A July memo from the campaign cast doubt on the Johnson investigation, saying the senator could be “party to a foreign influence operation against the United States” because his committee received material from pro-Russian Ukrainians and that he was pursuing “a long debunked, hardcore rightwing conspiracy theory” in even investigating Hunter Biden’s overseas dealings.

I don’t imagine there’s immense happiness either at Biden campaign headquarters or The New York Times building, therefore, that the “long debunked, hardcore rightwing conspiracy theory” has come roaring back thanks to emails found on what was allegedly Hunter Biden’s hard drive. Biden campaign officials haven’t denied the information found on the hard drive is Hunter Biden’s; they’ve just dismissed it as “Russian misinformation.”

And then there were the allegations made by Tony Bobulinski, a former business associate of Hunter Biden’s, who said Joe Biden stood to profit from a deal that involved a partnership with a Chinese magnate. Bobulinski also said he met twice with the former vice president, something that would contradict Biden’s statement that he had “never spoken to my son [Hunter] about his overseas business dealings.”

Should a special counsel be appointed to investigate the Bidens' financial entanglements?

Again, no explicit denial from the Biden campaign.

For the most part, the establishment media have been pretty compliant and avoided reporting on the Biden scandal. The official line is that none of this has been “independently verified.”

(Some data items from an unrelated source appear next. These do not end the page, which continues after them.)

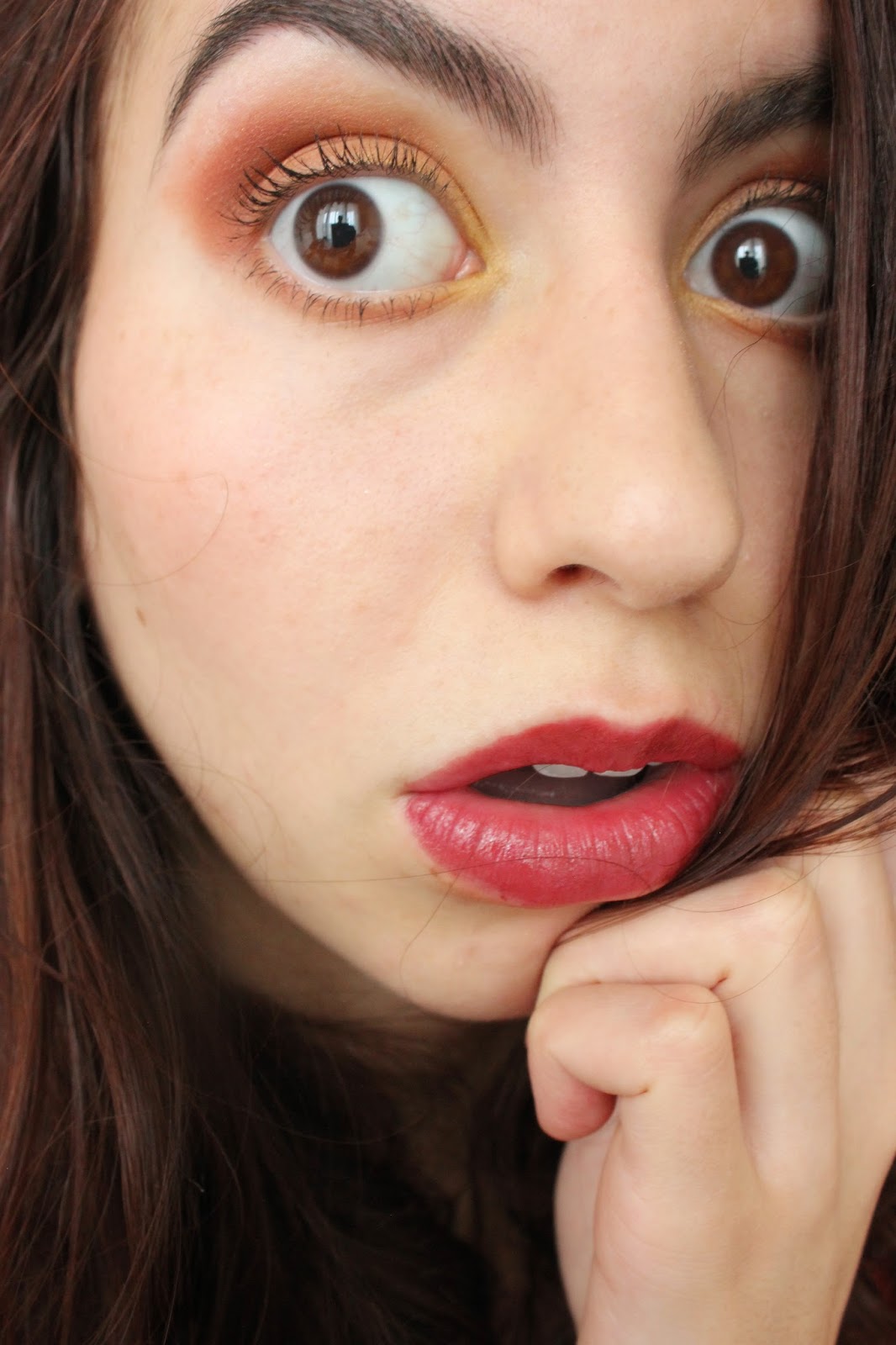 Mais bon, ça m'empêche pas d'utiliser des couleurs automnales. D'ailleurs, ton maquillage est un bel hommage à cette saison, c'est très joli et ça va super bien à ton teint. Même ton haut a l'air assorti à ton make up! Je vois aussi que tu as de quoi faire avec ta grande palette Sephora. Sinon en base, tu as continué tes recherches pour une base à paupière bio?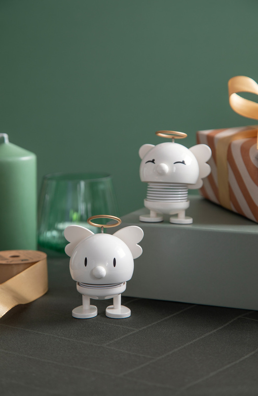 Ta kompaktowa figurka aniołka z aureolą Hoptimist dostępna jest w różnych wersjach kolorystycznych oraz materiałowych. To idealne uzupełnienie wystroju pomieszczenia, ale także pozytywny partner pracy, spędzający czas na naszym biurku.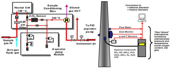 In the paper, the compounds (HCl, HF) were measured by sampling and analysis according to the standard method using an Advance Cemas FTIR monitoring system. This system is an emission monitoring system for several components simultaneously, such as HCl, HF, NH3, CO, NO, NO2, SO2, H2O, CO2, O2, and volatile organic compounds (VOC), if a flame ionization detector (FID) filter is integrated. The system consists of a TESTO 400 portable instrument for determining the temperature, humidity and dew point in the pipe; a BRAVO M Plus constant flow sampling pump for non-isokinetic sampling of HCl and NH3; and a TESTO 350 XL and TESTO 350 gas analyzer for determining the O2, NOx, CO, and SO2 values in the pipeline [40,41].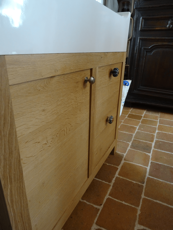 Parmi mes quelques réalisations: ce meuble de cuisine pour y poser un évier timbre d'office.
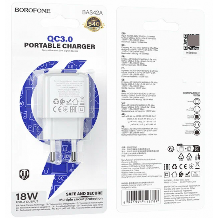 - Сетевое зарядное устройство Borofone BAS42A 18W QC3.0 charger(EU) (белый)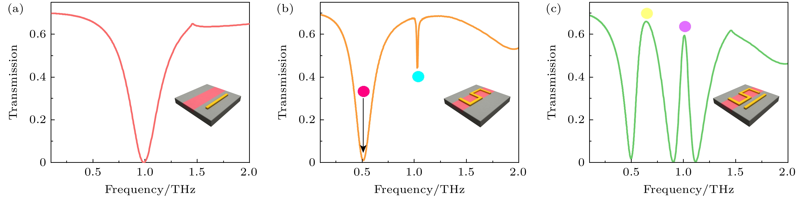 图 9 当VO2电导率σ从20 S/m增加到30000 S/m时, 三种典型结构的透射光谱变化情况 (a) VO2完全覆盖基底表面; (b) VO2位于金纳米条下方; (c) VO2位于S型金开口环下方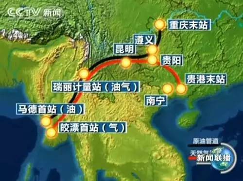 中缅原油管道由中国石油和缅甸油气公司合资建设,起点位于缅甸西海岸马德岛,全长771公里,设置站场5座,设计年输量2200万吨,并建设一座规模为30万吨级的原油码头。管道工程投运后,每年可为缅甸下载200万吨原油。中缅原油管道工程投运还将有力带动我国西南地区经济发展。目前,云南省正在依托中缅原油管道项目,积极布局、发展石化新兴产业,最大程度释放资源价值效应,建成产业链完备的新兴石油炼化基地。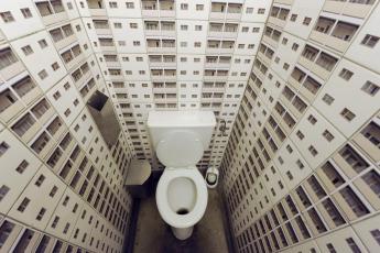 NIJMEGEN (ANP) - Een aankomend eerstejaars biomedische wetenschappen aan de Radboud Universiteit in Nijmegen is maandagavond pardoes uit een raam gestapt, toen hij op zoek was naar de wc.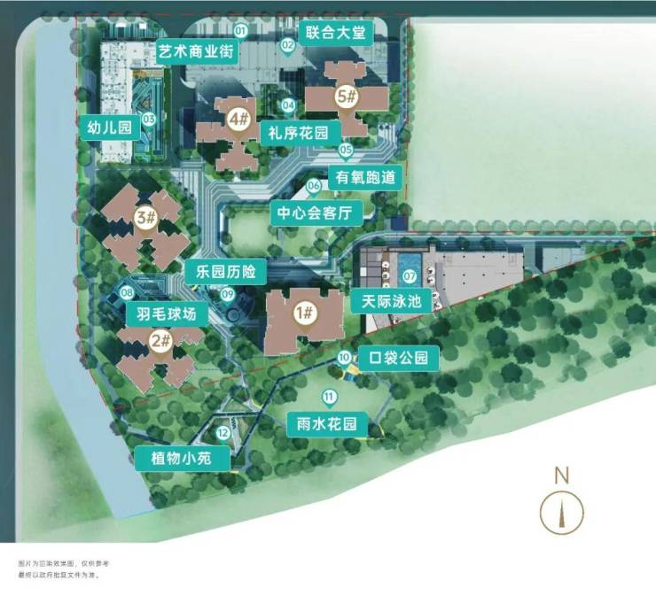 项目总规划共有5栋住宅,配建幼儿园。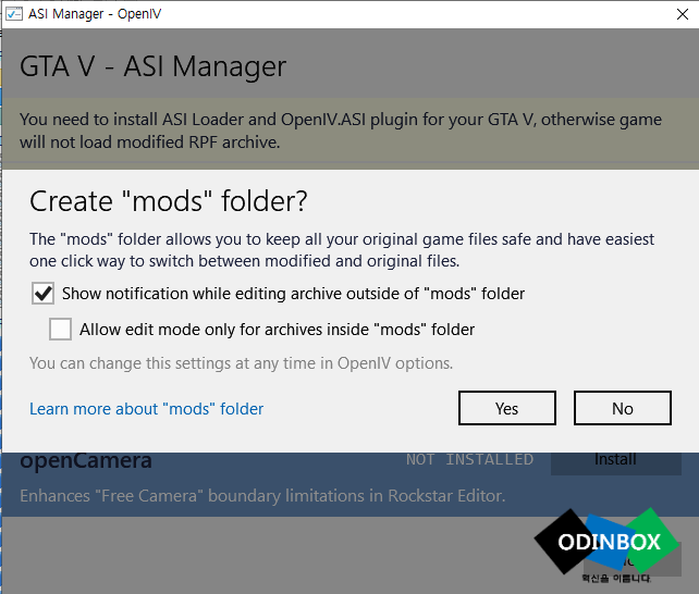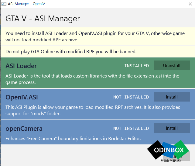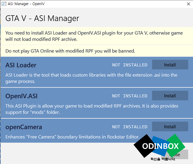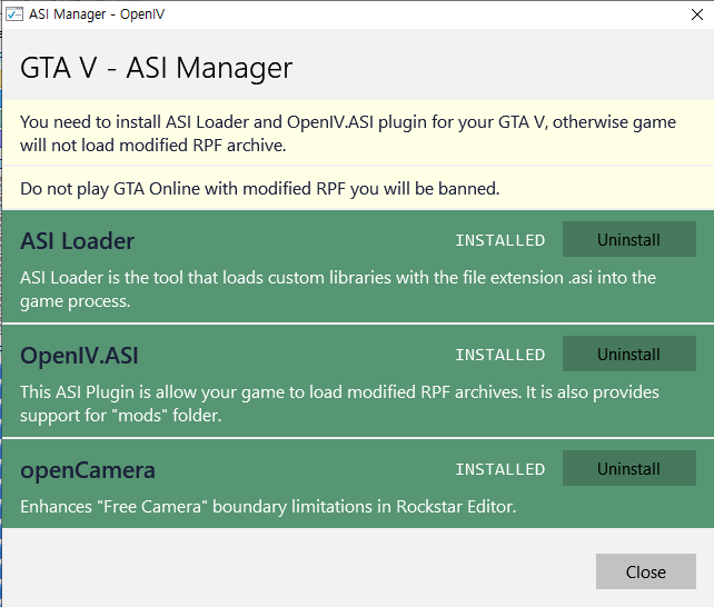 해당 준비물을 준비하기 위해 사이트[#] 접속을 합니다. 그리고, 홈페이지에 있는 초록색 버튼 Download now openiv를 누르면 설치 파일을 다운로드할 수 있습니다. 그리고 본인이 알기 쉬운 곳에 저장을 한 뒤 실행합니다. 영어와 러시아어를 제공하고 있는데 영어를 선택하고 Continue를 누릅니다. 잠시 기다리면 소프트웨어 라이선스 관련하여 동의를 하는지 물어보는데 I accept the terms of this agreemen를 체크하고 Continue를 누릅니다. 그리고, 설치 경로를 설정하는 것이 있는 저의 경우 기본 설치되는 경로에 설치를 진행하려고 합니다. 또한 바탕화면에 아이콘 추가와 함께 Continue를 누릅니다. 그리고 예(Y)를 누르고 잠시만 기다리면 설치가 완료가 됩니다. 그리고 Openiv를 실행하고 Grand Theft Auto V를 누릅니다. 그리고 Grand Theft Auto V locations에서 GTA5를 설치한 경로를 선택하여 설정하면 Continue를 누른 후 다음으로 넘어갈 수 있습니다. 그리고 한번 더 Continue를 누릅니다. 잠시 기다리면 정상적으로 프로그램이 실행된 것을 확인할 수 있습니다. 아직 몇 가지 절차가 더 있습니다. 상단 메뉴 부분에서 Tools를 누르고 ASI Manager를 실행합니다. 첫 번째로 있는 ASI Loader를 Install을 누릅니다. 그리고 Openiv.ASI를 Install을 누르면 mods 폴더를 생성하겠냐는 안내 창이 나오게 됩니다. Yes를 누르면 설치가 완료가 됩니다. openCamera를 설치를 마지막으로 하면 됩니다. 여기까지 그대로 따라오셨다면 90% 설치는 다 했다고 생각하면 됩니다.

Well, that’s where investigations come in. And now that the laptop raises new questions about what Joe Biden knew and when he knew it, Johnson thinks it could be time for a deeper investigation.

In a Wednesday appearance on Fox Business, Johnson told host Maria Bartiromo that while he wasn’t “a big fan of special counsels,” one might have to be appointed to investigate the Bidens’ dealings should he become president.

The move comes as House Republicans are urging Attorney General William Barr to appoint a special counsel to investigate the Democratic nominee in the wake of the New York Post’s reporting on Hunter Biden’s laptop.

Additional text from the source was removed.